Scirpy is a Python package for analyzing T cell receptor (TCR) and B cell receptor (BCR) repertoires from single-cell RNA sequencing data. It seamlessly integrates with the scverse ecosystem, particularly scanpy and MuData, providing comprehensive modules for data import, clonotype analysis, diversity metrics, and visualization. The package supports multiple input formats including 10x Genomics CellRanger, TraCeR, BraCeR, BD Rhapsody, and the AIRR rearrangement standard.

Scirpy stores immune receptor data as awkward arrays in `adata.obsm["airr"]`, enabling lossless representation of AIRR rearrangement data while maintaining compatibility with AnnData's cell-centric structure.
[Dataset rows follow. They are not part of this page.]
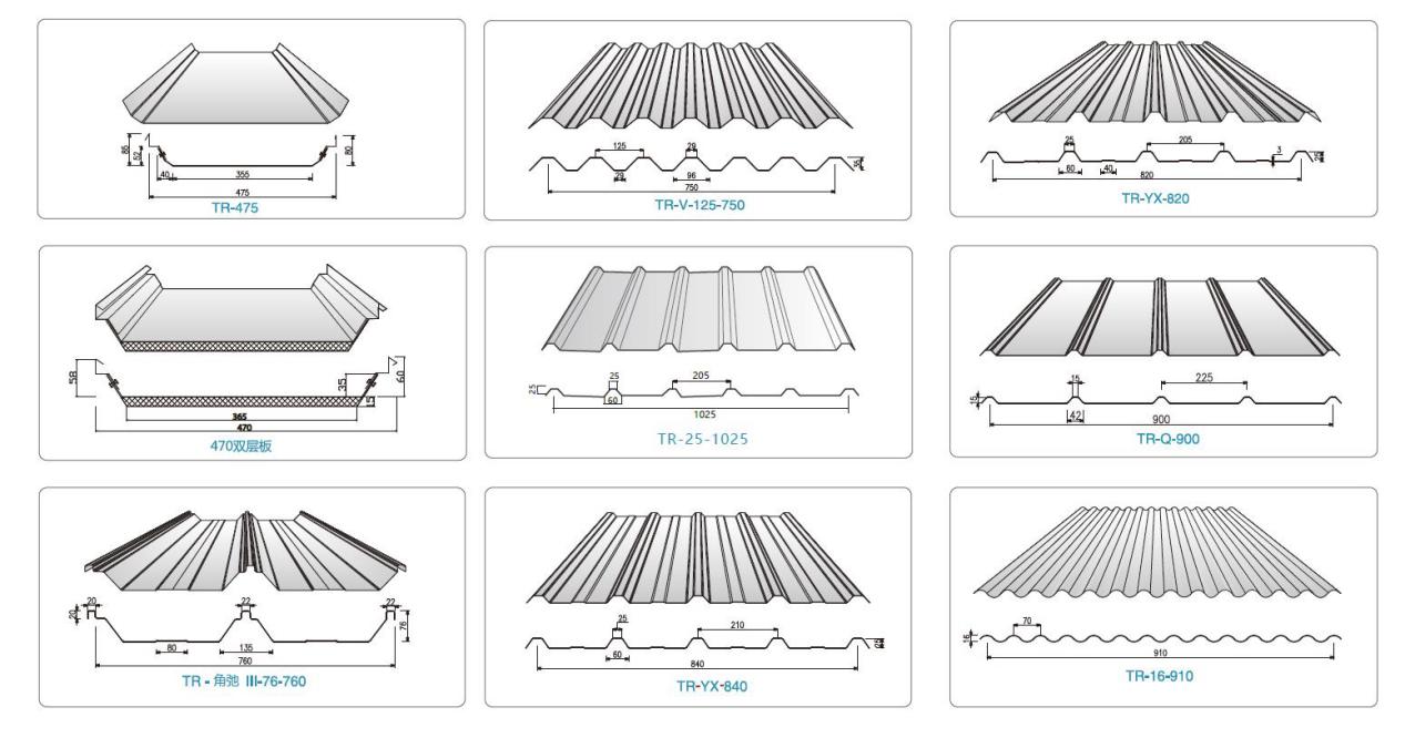 • Tener una combinación de cierre con placa de acero de color. El grosor de la sección transversal es uniforme. La forma de la hoja FRP es consistente con la placa de acero.
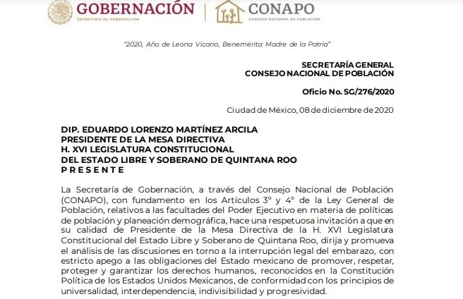 A través del Consejo Nacional de Población (Conapo), la Secretaria de Gobernación realizó un llamado a la XVI Legislatura del Congreso del Estado para que se inicie el análisis de las discusiones en torno a la interrupción legal del embarazo en Quintana Roo.
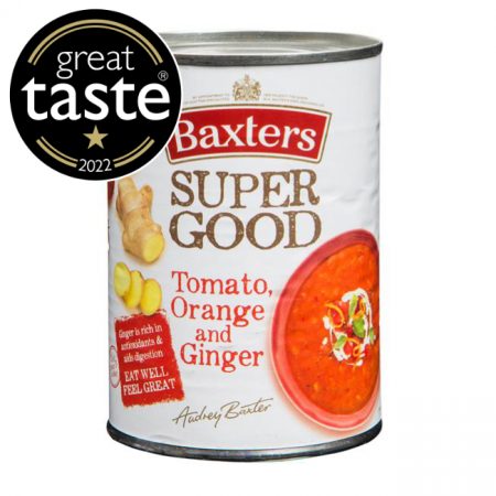 6 x 400g tinsSuper Good soups have the perfect balance of delicious flavours and “great for you” ingredients. Sweet ripe tomatoes and zesty oranges with a dash of warm, soothing ginger.
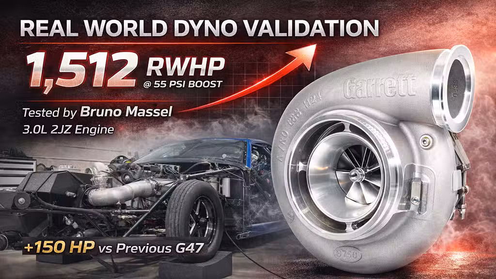 During dyno testing, the GXR47-80 produced 1,512 rear wheel horsepower at 55 psi of boost, even with approximately 10 percent converter slip. According to Bruno, the new GXR47 delivered approximately 150 rear wheel horsepower more than the previous G47 combination, with additional power still available in the setup.
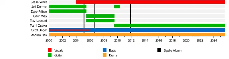 In 2005, Jeff Dormer and Dave Priban left the band and were replaced by guitarists Trev Leonard and Geoff Way. The band recorded their second album Eleutheria which was released in 2006 under the Italian label Cruz Del Sur.[9][10] Eleutheria was recorded at Larry Anschell's Turtle Recording. Larry, who has produced for Alice in Chains, Pearl Jam and Soundgarden, mixed the album. It was mastered in Gothenburg, Sweden by Göran Finnberg (In Flames, Soilwork).[11]

The package follows the scanpy API conventions with modules divided into preprocessing (`pp`), tools (`tl`), and plotting (`pl`), allowing users to build analysis pipelines for clonotype definition, clonal expansion analysis, repertoire comparison, and integration with gene expression data.

## Data Import and I/O Functions

### read_10x_vdj - Load 10x Genomics VDJ Data

Reads immune receptor data from 10x Genomics CellRanger output files, supporting both CSV and JSON formats. Returns an AnnData object with AIRR data stored in obsm.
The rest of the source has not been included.